If Trump fires Mueller and we take to the streets (MoveOn has a lot of people like me already committed to do this), it’s going to be an angry energy – we’re going to need a lot of people angry enough to do this.  My coaching to myself around situations like this is to “Go with as much love in your heart as you can muster – but don’t wait until you are completely peaceful.  Go and ask Spirit to guide you.”

I believe that when Jesus threw the money-changers out of the temple, he was angry.  If I see someone hurting one of my grandchildren (or my big, strapping 41 year old son), my intervention will probably be driven by anger – and that anger may give me the force I need for my intervention to succeed.  Afterwards I can bless the perpetrator.

Thay and MLK
I want to learn from Thich Nhat Hanh – and Martin Luther King – how to be peace in every step. But it’s a process – I’m not fully there yet.

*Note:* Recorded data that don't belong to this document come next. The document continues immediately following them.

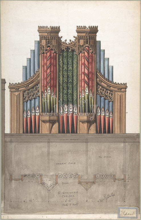 Design, Organ Case, Saint Saviour, Church, Chelsea, London, 1890, Pen, ink, wash, watercolor, gouache, graphite, Ernest Geldart, British, 1848–1929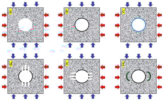 Schematic diagrams of different support modes of shaft. (a) non-support scheme; (b) non-fiber concrete scheme; (c) steel fiber concrete support scheme; (d) borehole pressure relief support along the direction of maximum principal stress; (e) borehole pressure relief support perpendicular the direction of maximum principal stress; (f) cutting groove destressing support scheme. The red arrows denote the maximum principal stress applied to the specimen, and the blue arrows signify the minimum principal stress.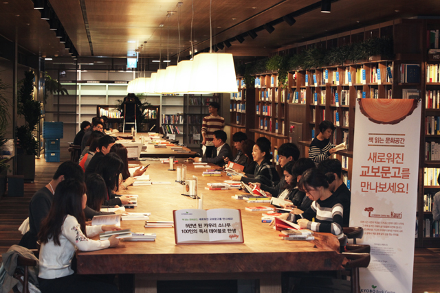교보문고는 2015년 말에 상징적인 매장인 광화문점의 목 좋은 위치에 있던 매대들을 없애고 도서관처럼 앉아서 책을 볼 수 있는 장소를 마련하는 파격을 실행 했습니다. ‘복합문화공간’을 만들어서 서점을 책을 파는 곳이 아닌 책과 함께하는 라이프스타일을 느낄 수 있는 곳으로 인식시키려는 시도라는 평가를 받았지요.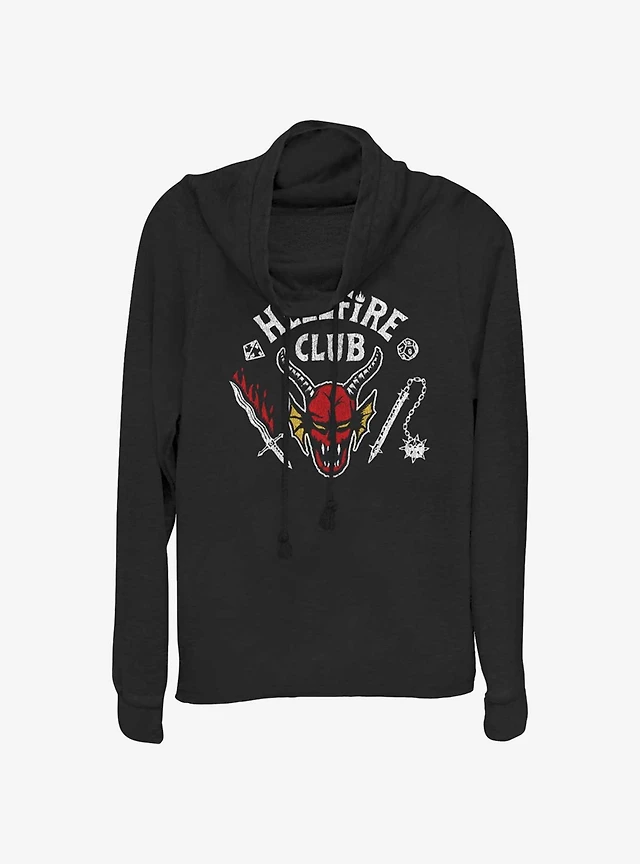 Stranger Things Fire and Dice Cowl Neck Long-Sleeve Top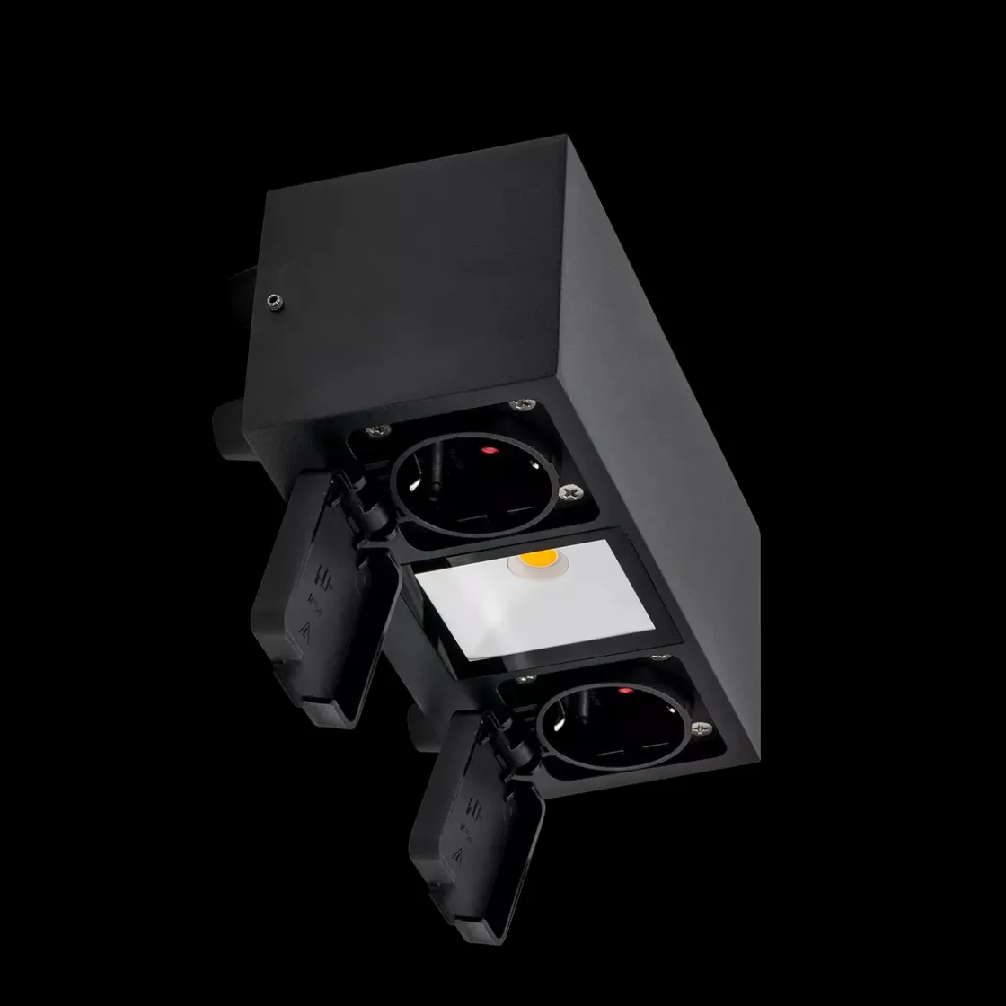 - Robust utendørsarmatur i pulverlakkert aluminium med dobbelt stikkontaktuttak for ekstra tilkoblingsmuligheter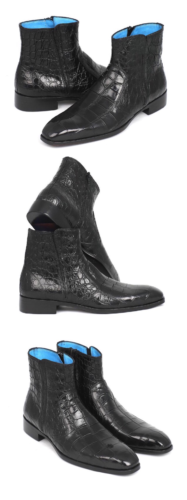 Paul Parkman Black Crocodile Side Zipper Boots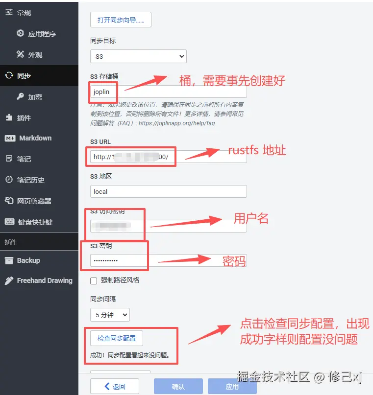 访问Joplin官网(joplinapp.org)即可下载适合你设备的版本。安装过程简单直观,几分钟内即可开始记录。我在这块下载的是windows 和安卓apk 两各平台的版本。下载安装的的过程都比较简单,我因为之前在公网服务器上部署过 rustfs ,我们此处也采用的是rustfs 同步多端数据,如果你有其他兼容s3协议的oss,如minio等,也可以试用,其他oneDrive、nextCloud等网盘也可做为同步工具试用。我们此处展示下如何用rustfs配置,对rustfs感兴趣的家人们也可以翻一下博主介绍rustfs部署的历史文章。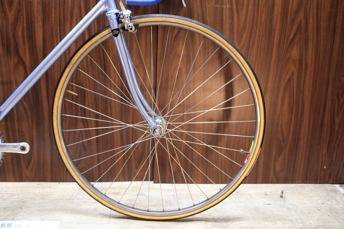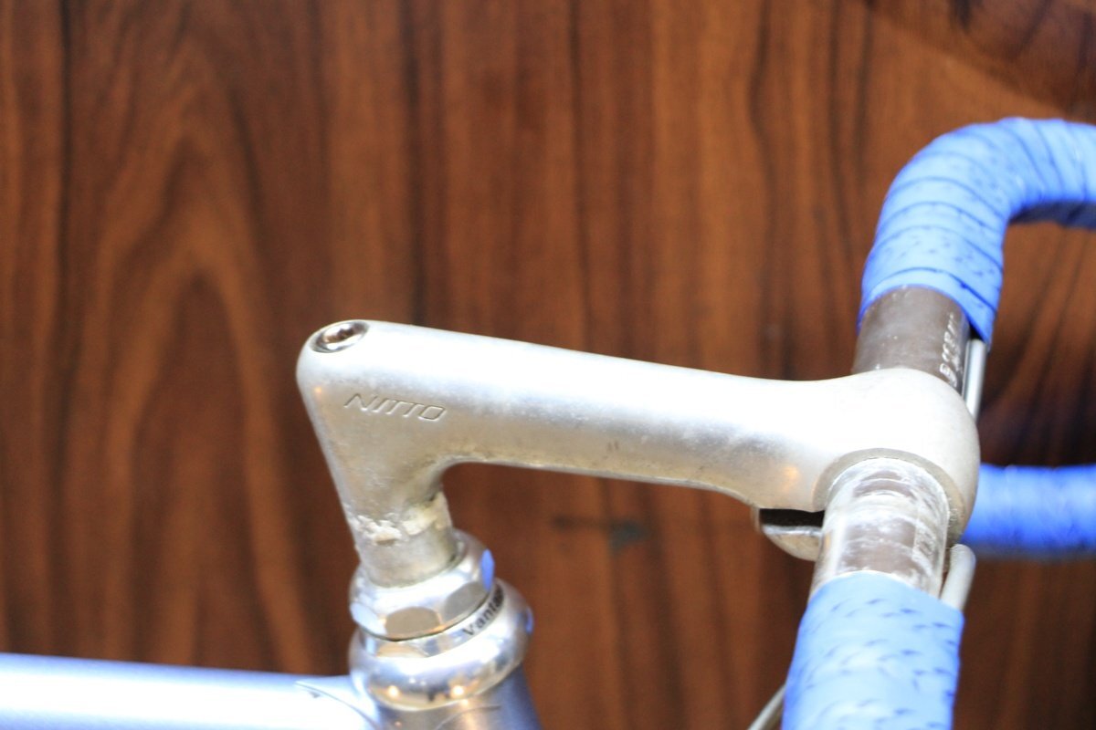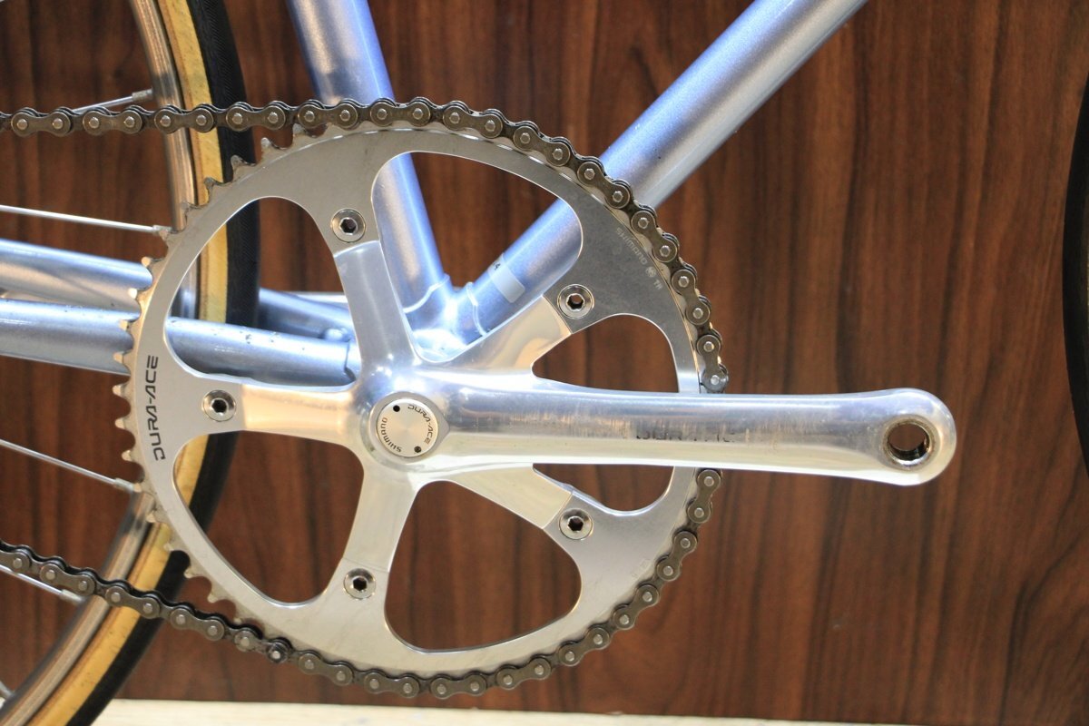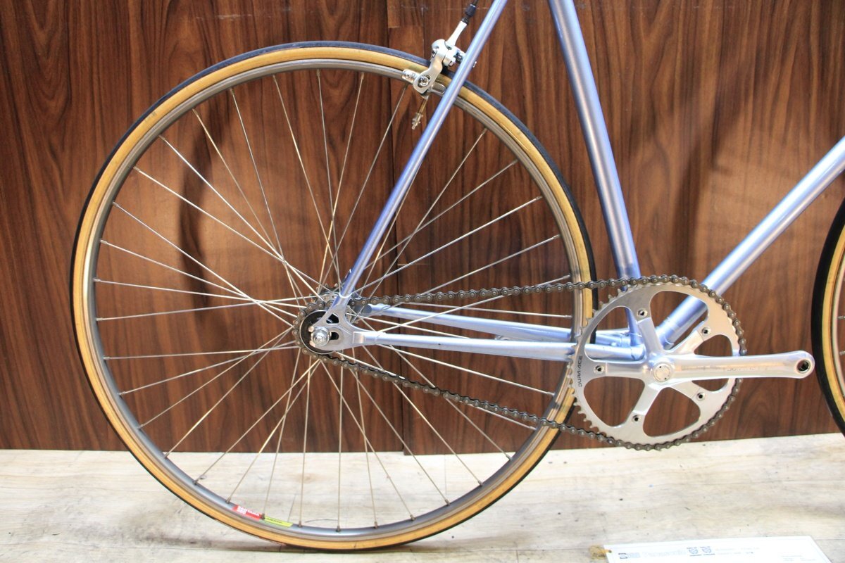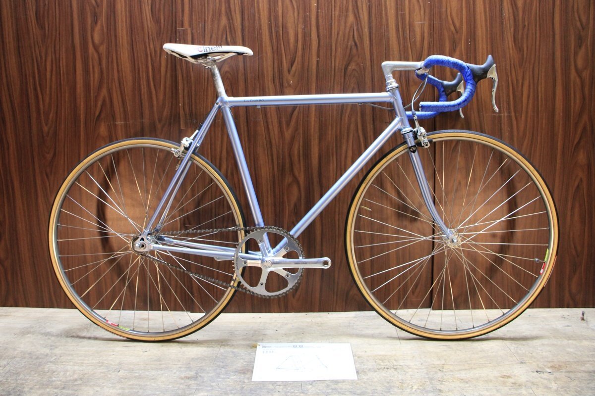仕様 | 年式:1990頃 フレーム:クロモリ フォーク:クロモリ クランク:SHIMANO DURA-ACE FC 7600 175mm 54T ホイール:手組み リム:ARAYA SANTANAリム ハブ:DURA-ACEハブ タイヤ:700 X 22C (実測) コグ:17T ハンドル幅:400mm ステム長:110mm サイズ:530 トップチューブ長(C-C):530mm (※ホリゾンタル換算値) シートチューブ長(C-T):530mm 適応身長:165cm~175cm程度 実測重量:9.3kg ※掲載画像状態 |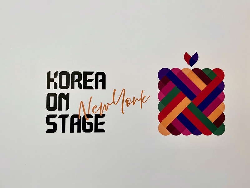 < (좌)국가유산방문 캠페인 ‘코리아 온 스테이지(Korea on Stage)’ 뉴욕 로고와 (우)뉴욕 한국문화원 1층 로비에 전시된 해태상 모습 - 출처: 통신원 촬영 >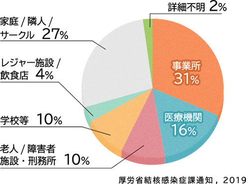若い世代で結核に対する抵抗力(免疫)をもたない人々が増えたこと、診断の遅れなどによる集団感染・院内感染が増加しています(図2)。

Thich Nhat Hanh, one of my  spiritual heroes and perhaps our foremost modern teacher of mindfulness, belongs to the order of Vietnamese Zen monks that got famous for their attempts to intervene in the Vietnam war.  I saw him speak in Chicago just days after the U.S. had invaded Iraq.  The first 45 minutes of his talk were pretty much his standard message about “Being peace”.  But then he energetically, almost visibly shifted gears as he said, basically, “People, it’s time to take to the streets. If we are committed to peace, we’ve got to do anything we reasonably can to stop this killing.”

I will continue to have conversations with my friends like Julie.  I will listen as deeply as I can. I will try to find the questions that will invite them to bring me into their thought and feeling process.  I will try to walk in their shoes.  I will try to develop processes and experiences that anchor peace deeper in myself.  I will write this blog and make my speeches and have coaching conversations with people.

And hopefully all of us together, with our differing interventions, can throw the bums out and start over.